*Work request:*
Your job is to set down the stretch of entries that opens with the line containing "I am not sure" and closes with the line containing "Can someone post". Keep both end lines, copy each exactly, and add nothing.

*Data:*
== Segment start ==

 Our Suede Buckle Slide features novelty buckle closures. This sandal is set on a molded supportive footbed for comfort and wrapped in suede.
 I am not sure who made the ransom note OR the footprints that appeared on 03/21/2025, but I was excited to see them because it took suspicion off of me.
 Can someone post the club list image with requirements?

== Segment end ==
== Segment start ==

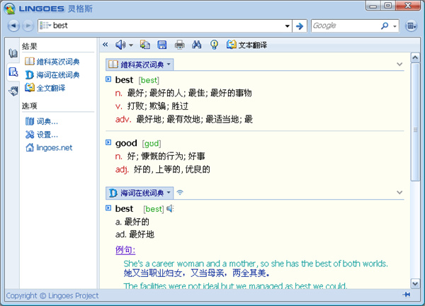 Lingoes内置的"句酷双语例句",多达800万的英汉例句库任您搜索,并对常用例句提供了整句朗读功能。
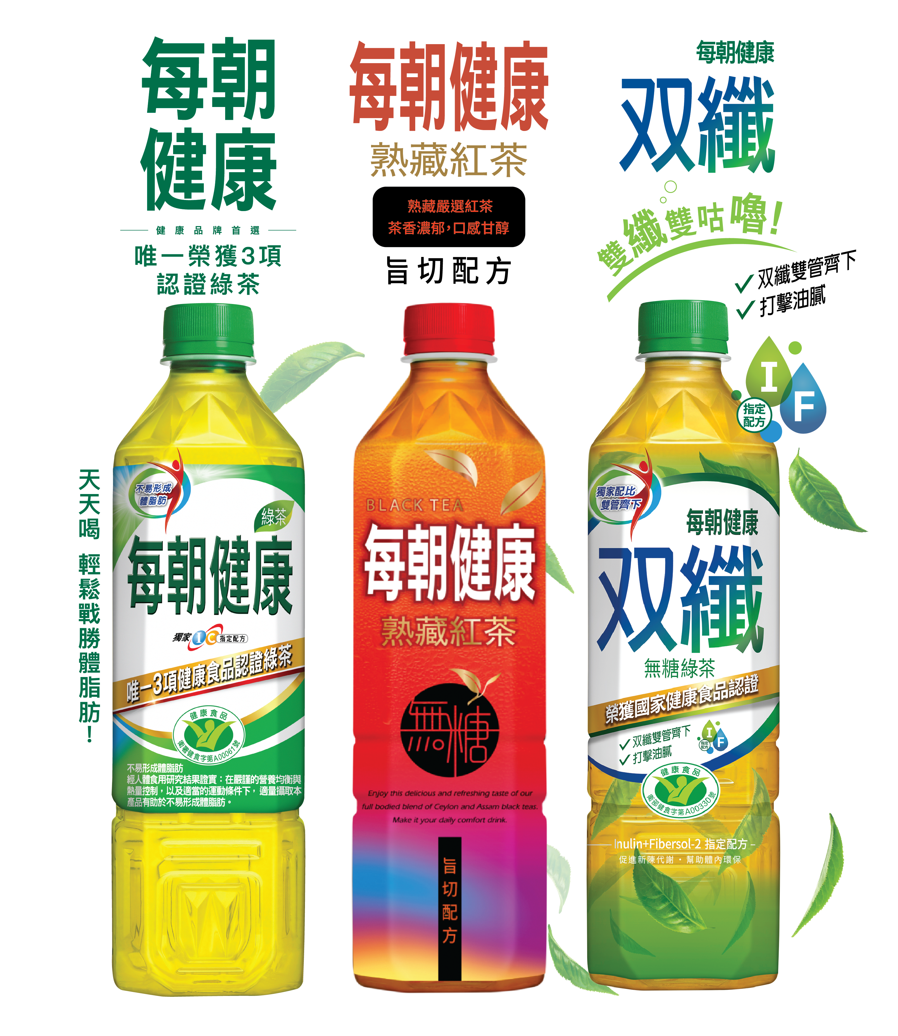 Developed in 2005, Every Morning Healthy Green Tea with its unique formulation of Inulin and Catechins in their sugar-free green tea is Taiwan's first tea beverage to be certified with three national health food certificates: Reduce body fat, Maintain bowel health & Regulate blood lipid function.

== Segment end ==

*Task solution:*
 I am not sure who made the ransom note OR the footprints that appeared on 03/21/2025, but I was excited to see them because it took suspicion off of me.
 Can someone post the club list image with requirements?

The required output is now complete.